This post presents the parts of the vgo design that address
these issues.
Everything here is preliminary: we will change the design
if we find that it is not right.
Versioned Releases
Abstraction boundaries let projects scale.
Originally, all Go packages could be imported by all other Go packages.
We introduced the internal directory convention
in Go 1.4 to eliminate the problem that
developers who chose to structure a program as multiple packages
had to worry about other users importing and depending on details of
helper packages never meant for public use.
The Go community has a similar visibility problem now with repository commits. Today, it’s very common for users to identify package versions by commit identifiers (usually Git hashes), with the result that developers who structure work as a sequence of commits need to worry, at least in the back of their mind, about users pinning to any of those commits, which again were never meant for public use. We need to change the expectations in the Go open source community, to establish a norm that authors tag releases and users prefer those.

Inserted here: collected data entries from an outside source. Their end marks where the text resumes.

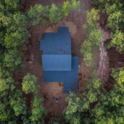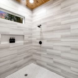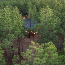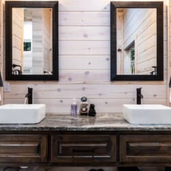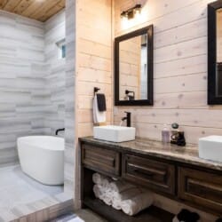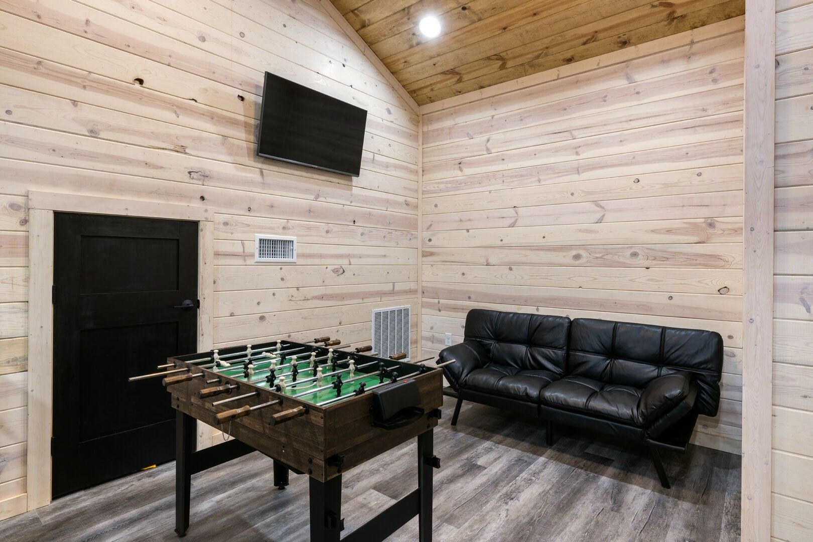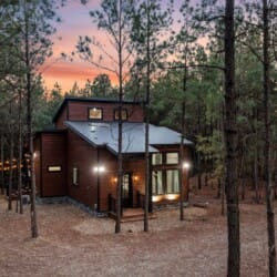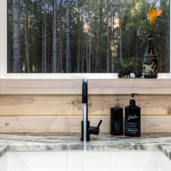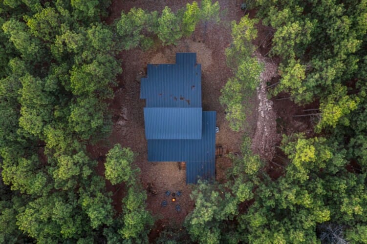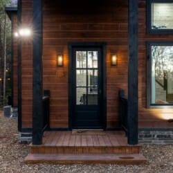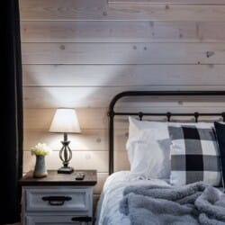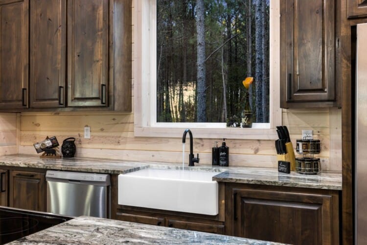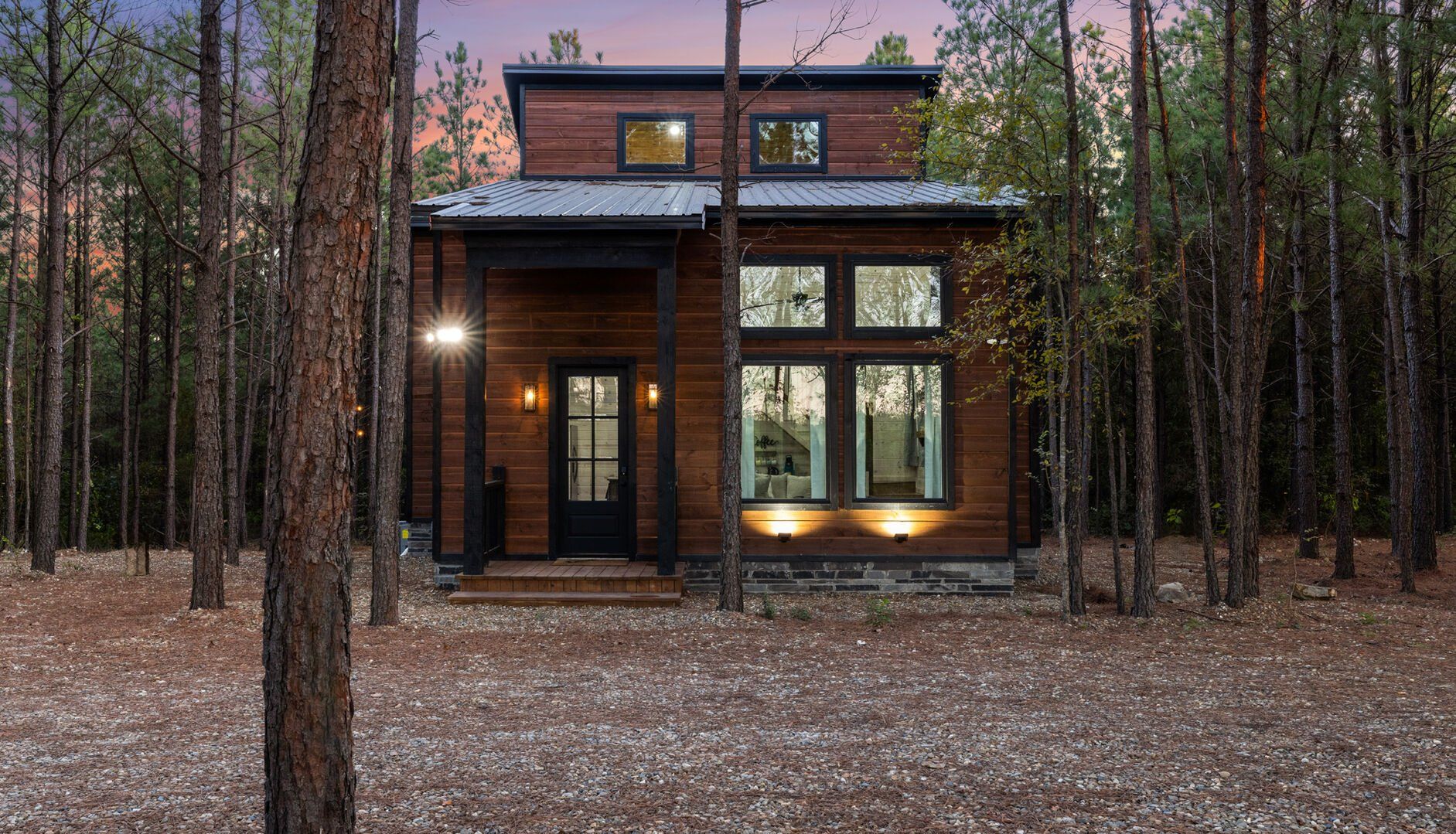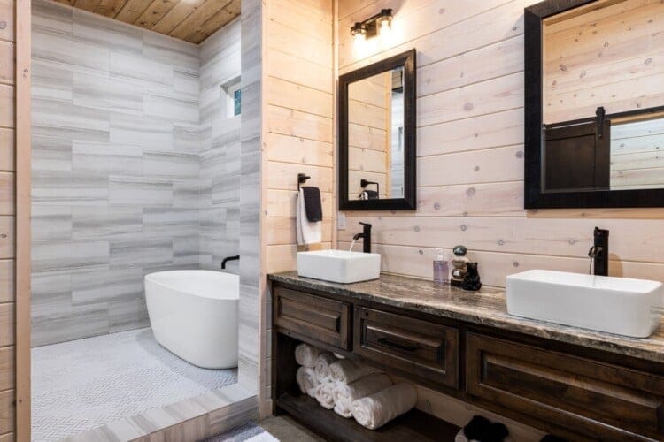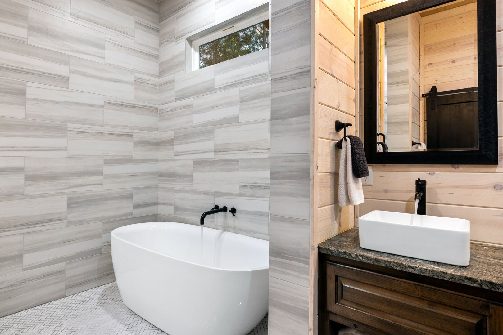 Inside Timbuktu With You, the open living space is filled with natural light from tall windows that stretch up toward high ceilings. There’s a soft, comfortable couch positioned perfectly in front of the fireplace, making it the coziest spot in the house during cooler mornings or crisp fall nights. Whether you’re watching a movie, reading a book, or just gazing out at the trees, it’s hard not to feel right at home.
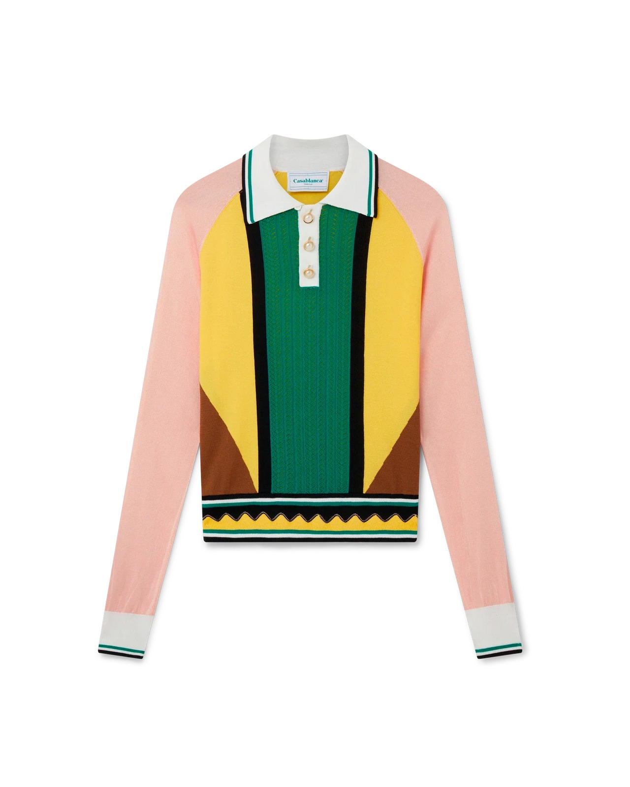 The Graphic Panelled polo shirt is a long-sleeve design inspired by Nigeria and features the colours of the country's flag. Completed with panel colour blocks, the house's signature gold rim pearl buttons, rib collar, cuffs, and hem with striped details. Knitted graphic fabric 70% viscose 30% nylon Colour: multicolour graphic Specialised dry clean only Fits true to size, take your regular size The model is 186cm/6’1 and is wearing a size S
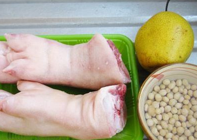 雪梨1个、大豆50克、猪脚半只、姜片3片、盐,猪脚加入姜片飞水去异味,分成块;加入去核切块的雪梨、大豆和一块姜,加足清水煮到滚开盖维持旺火继续沸煮15分钟转慢火再煲1个小时,汤就煲好了,喝之前根据个人口味加盐调味。
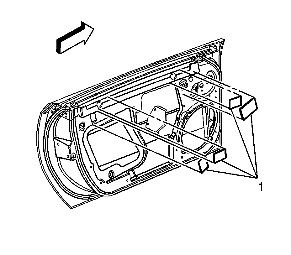 6. Remove the small mastic seals (1) near the top of the door for access to the upper regulator mounting fasteners.
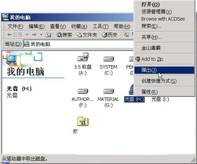 尽管在Windows的资源管理器中可以右击光盘,并选择"弹出"命令,将光驱中的光盘弹出(如图3),但是却没有一个"进仓"命令关上CD盒,这不得不说是Windows的一个Bug.不过,笔者在使用超级解霸自动伺服器的过程中发现,它可以起到一个CDROM驱动器的软件开关作用.具体的方法是:安装完《超级解霸》后,右击任务栏上的系统伺服器图标,在弹出如图4所示的菜单中选择"弹开所有CD-ROM"命令,就可以将本机上的所有CD-ROM(不包括刻录光驱CD-RW等设备)的光驱盒盖打开,供您进盘,如果您要关闭盒盖,只要再次选择"关闭所有CD-ROM"菜单即可.这样使用起来一来比较方便,二来减少了硬件的损坏,真是一举两得.
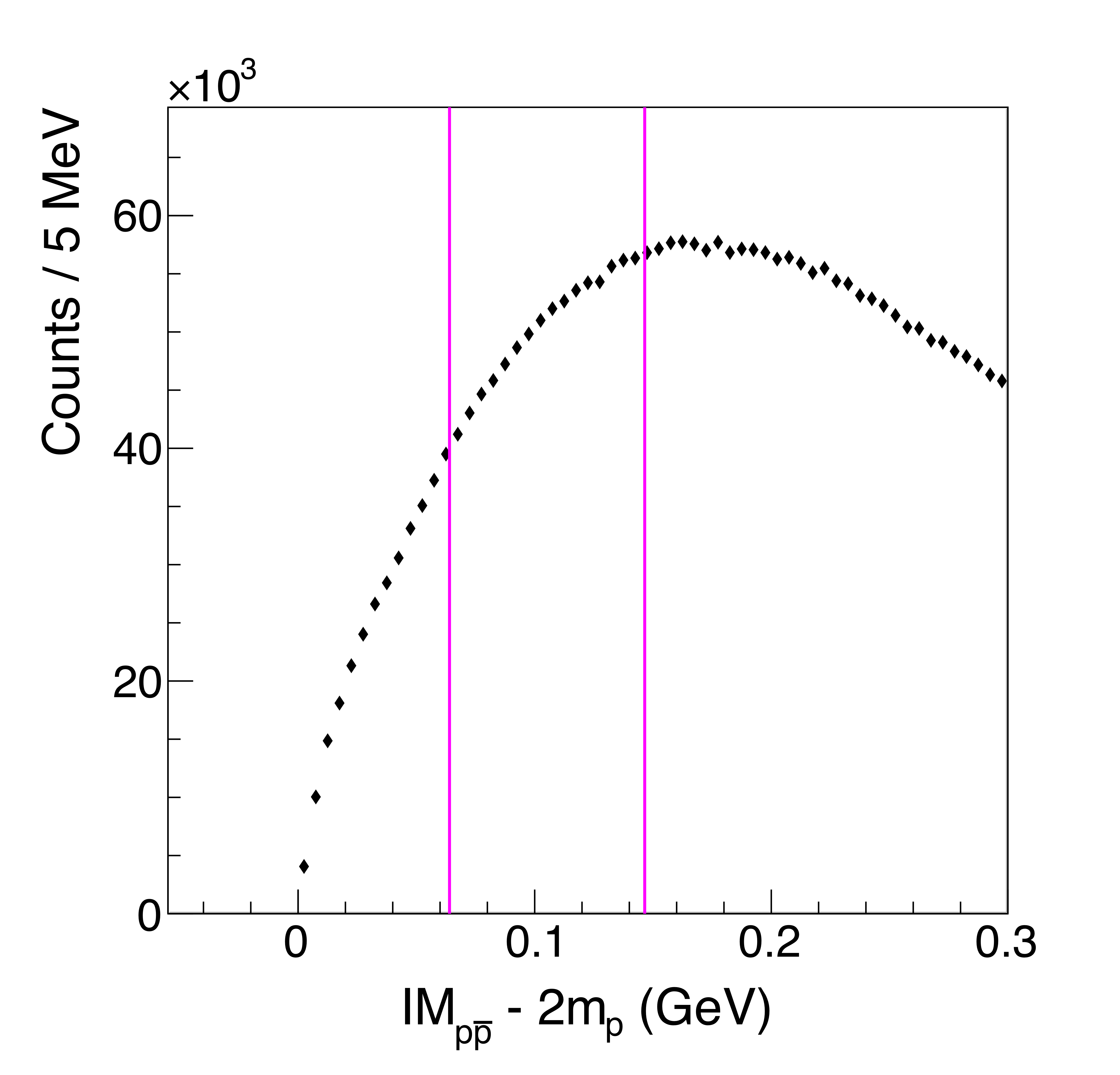 Events per 5 MeV mass bin versus $p\bar{p}$ invariant mass for diffractively created pairs. The GlueX mass resolution for the forward-going $p\bar{p}$ system is $3-5$ MeV in this region. The threshold mass of $2m_p$ is subtracted. The vertical magenta lines indicate where previous measurements (DESY \cite{Bodenkamp,1984dg}) suggested that narrow peaks may occur. |

I don’t think this point, that users should be choosing from versions issued by authors instead of picking out individual commits from the Git history, is particularly controversial. The difficult part is shifting the norm. We need to make it easy for authors to tag commits and easy for users to use those tags.
The most common way authors share code today is on code hosting sites,
especially GitHub.
For code on GitHub, all authors will need to do is tag a commit
and push the tag.
We also plan to provide a tool, maybe called go release,
to compare different versions of a module
for API compatibility at the type level, to catch inadvertent
breaking changes that are visible in the type system,
and also to help authors decide between issuing
should be a minor release (because it adds new API or changes many lines of code)
or only a patch release.
For users, vgo itself operates entirely in terms of tagged versions.
However, we know that at least during the transition from old practices to new,
and perhaps indefinitely as a way to bootstrap new projects,
an escape hatch will be necessary, to allow specifying a commit.
This is possible in vgo, but it has been designed so as to
make users prefer explicitly tagged versions.
Specifically, vgo understands the special pseudo-version
v0.0.0-yyyymmddhhmmss-commit
as referring to the given commit identifier,
which is typically a shortened Git hash
and which must have a commit time matching the (UTC) timestamp.
This form is a valid semantic version string
for a prerelease of v0.0.0.
For example, this pair of Gopkg.toml stanzas:
[[projects]]
name = "google.golang.org/appengine"
packages = [
"internal",
"internal/base",
"internal/datastore",
"internal/log",
"internal/remote_api",
"internal/urlfetch",
"urlfetch"
]
revision = "150dc57a1b433e64154302bdc40b6bb8aefa313a"
version = "v1.0.0"
[[projects]]
branch = "master"
name = "github.com/google/go-github"
packages = ["github"]
revision = "922ceac0585d40f97d283d921f872fc50480e06e"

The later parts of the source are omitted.